# Skacel Collections - free patterns



## pin_happy (Mar 23, 2012)

sharing the link:

So you think you have enough!!!

http://www.skacelknitting.com/s.nl/sc.2/category.44688/it.C/.f

Enjoy.


----------



## PointySticksNStones (Mar 20, 2012)

thanks for the link.
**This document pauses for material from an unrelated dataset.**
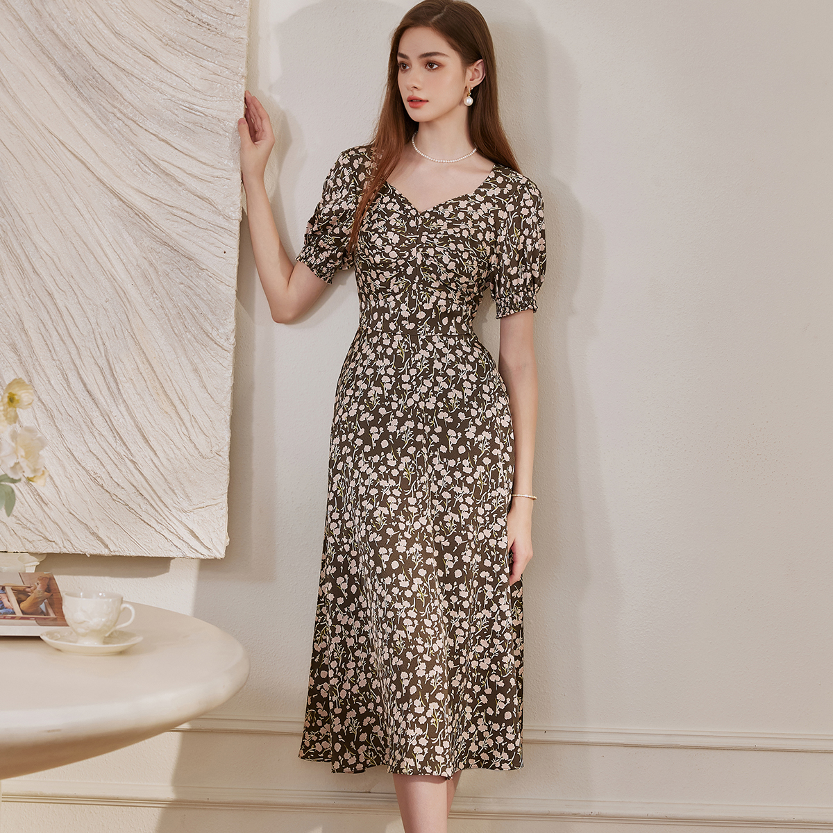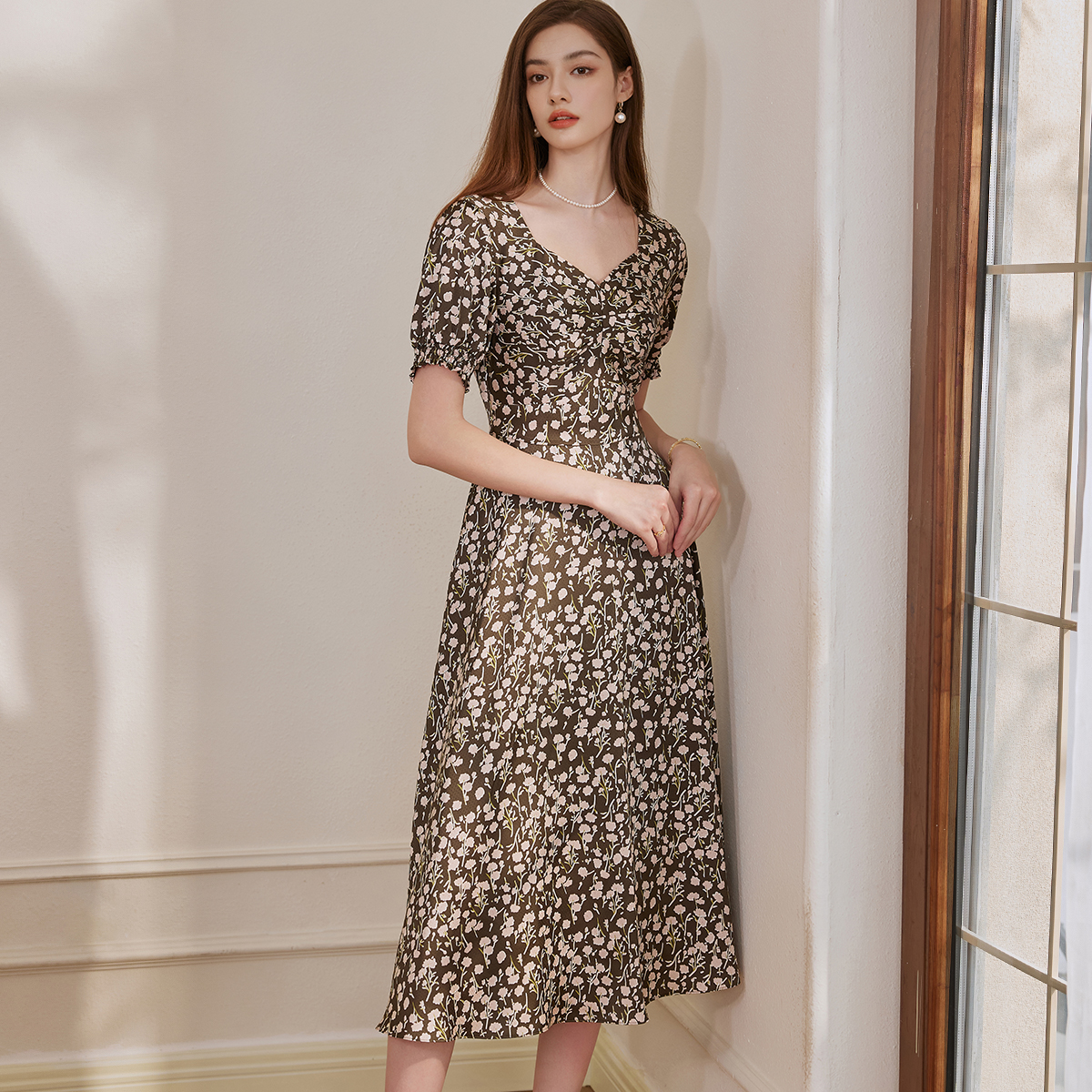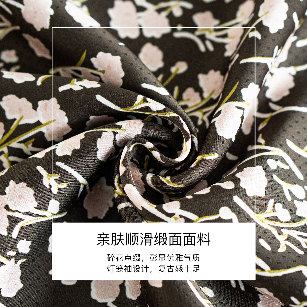 气质碎花中长裙10322 灯笼袖 罗衣茶歇法式 缎面连衣裙2024初夏新款

I found a couple I liked.


----------



## String Queen (Apr 9, 2012)

I like the blue diagonal knit sweater. 

Robin


----------



## Swedenme (May 28, 2014)

Thank you for the link


----------



## crispie (Dec 17, 2011)

I also found some; never can have enough.


----------



## Patsy Ruth (Apr 19, 2013)

THANK YOU!!!


----------



## Viwstitcher (Jul 29, 2013)

My thanks too, I found a couple really nice shawl patterns.


----------



## standsalonewolf (Dec 1, 2011)

a knitters dream thank you :thumbup:


----------



## MaryCarter (Oct 17, 2011)

Thank you


----------



## kiwiannie (Jul 30, 2011)

Thanks for the link,some pretty patterns.


----------



## jstrr1 (Feb 26, 2011)

oh, thank you so MUCH. I have almost as many patterns as I have yarn..so much to knit, so little time.


----------



## knitnanny (Feb 28, 2012)

Never enough patterns! Thanks..


----------



## 23607 (Jun 6, 2011)

Thank you!


----------



## dodyann (Oct 7, 2012)

Thanks so much, this looks really nice and is sectioned out by types of patterns, love it.


----------



## DollieD (Mar 7, 2011)

The scarfs wraps and shawls, is what I have been using for all my moebius scarfs. There are maybe eight different designs, from one basic pattern. I really like it!!!!


----------



## riversong200 (Apr 20, 2014)

Lots of pretties there. Thanks for sharing.


----------



## nancy787 (Jul 18, 2014)

Never enough! Thank you for the link.


----------



## John's old lady (Jul 14, 2012)

Lovely, thank you.


----------



## Elin (Sep 17, 2011)

Great site. Thank you.


----------



## cabbagehome (Dec 23, 2011)

PointySticksNStones said:


> thanks for the link. I found a couple I liked.


Me too.


----------